A concise, written plan for the treatment of allergic reactions resulting from accidental exposure to the food should be developed, and copies made available to the appropriate persons (e.g., daycare providers, teachers, employers). Examples of such a plan, along with other relevant information and materials, can be downloaded at Anaphylaxis Canada (http://www.anaphylaxis.ca) or the Food Allergy and Anaphylaxis Network (http://www.foodallergy.org; a US-based association). Recommendations for the management of anaphylaxis in schools and other community settings [20] are also available through the Allergy Safe Communities website at http://www.allergysafecommunities.ca.

Patients and their caregivers must also be educated on food avoidance, the identification and treatment of allergic and anaphylactic reactions, the appropriate use of epinephrine auto-injectors, and how to obtain immediate medical assistance (e.g., call 911) (see Anaphylaxis article in this supplement for more information). Individuals should also be instructed to read food labels carefully, watching for hidden ingredients such as “natural flavour” or “spices” that may indicate the presence of allergens, as well as “may contain” warnings. All food-allergic patients should obtain and wear medical identification (such as a MedicAlert® bracelet/necklace) indicating their food allergy [6].

Recent research has also shown that peanut allergic children can be desensitized to peanut by feeding them increasing amounts of peanut under close supervision [21]. Similar studies have been conducted for egg and milk allergy. Results of these studies are promising; however, they have involved only small numbers of subjects, side effects have been noted, and protocols are still evolving. Therefore, further confirmatory studies in this area are needed.

A simplified algorithm for the diagnosis and management of food allergy is provided in Figure 2.

Strategies for the prevention of food allergy have been extensively studied. Prior recommendations suggesting avoidance of highly allergenic foods in infant diets and the diets of pregnant/breastfeeding mothers have not been shown to decrease the prevalence of food allergy or atopic disease [6]. Recent guidelines from the American Academy of Pediatrics state that “no current convincing evidence exists to recommend specific avoidance of certain foods beyond 4-6 months of age for the prevention of allergy” [22].

The prognosis of food allergy is complex and dependent on the particular food. As mentioned earlier, most infants and young children outgrow allergies to milk, egg, soy and wheat. Children should be re-evaluated at regular intervals to determine whether clinical tolerance has developed.
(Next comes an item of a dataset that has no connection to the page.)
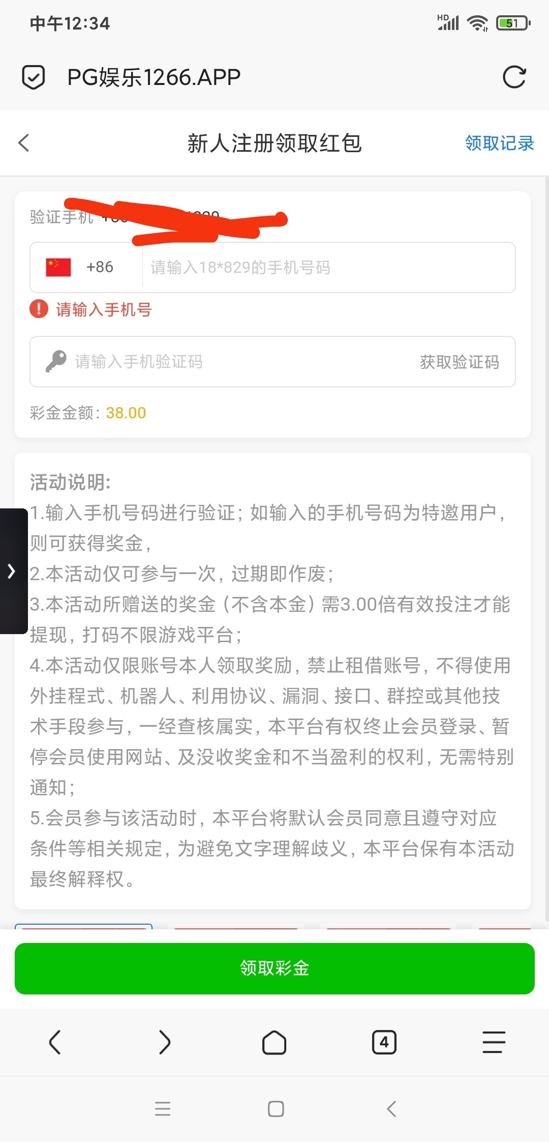 【PG1206】特邀验证手机号领38

The natural history of egg and milk allergy appears to be evolving in that an increasing number of children are outgrowing these allergies in their teenaged years [23, 24]. Allergy to peanut, tree nuts, fish, and shellfish is more persistent, and lifelong in most cases.

Food allergy is an important clinical problem of increasing prevalence. Assessment by an allergist is very important for appropriate diagnosis and treatment. Diagnosis currently relies on a careful history and diagnostic tests, such as SPT, serum-specific IgE testing (where appropriate) and, if indicated, oral food challenges. The mainstay of treatment is avoidance of the responsible food(s) and appropriate, prompt response to allergic reactions with epinephrine. Further insights into the pathophysiology of food allergy will lead to the development of improved methods for prevention, diagnosis, and management of the disorder.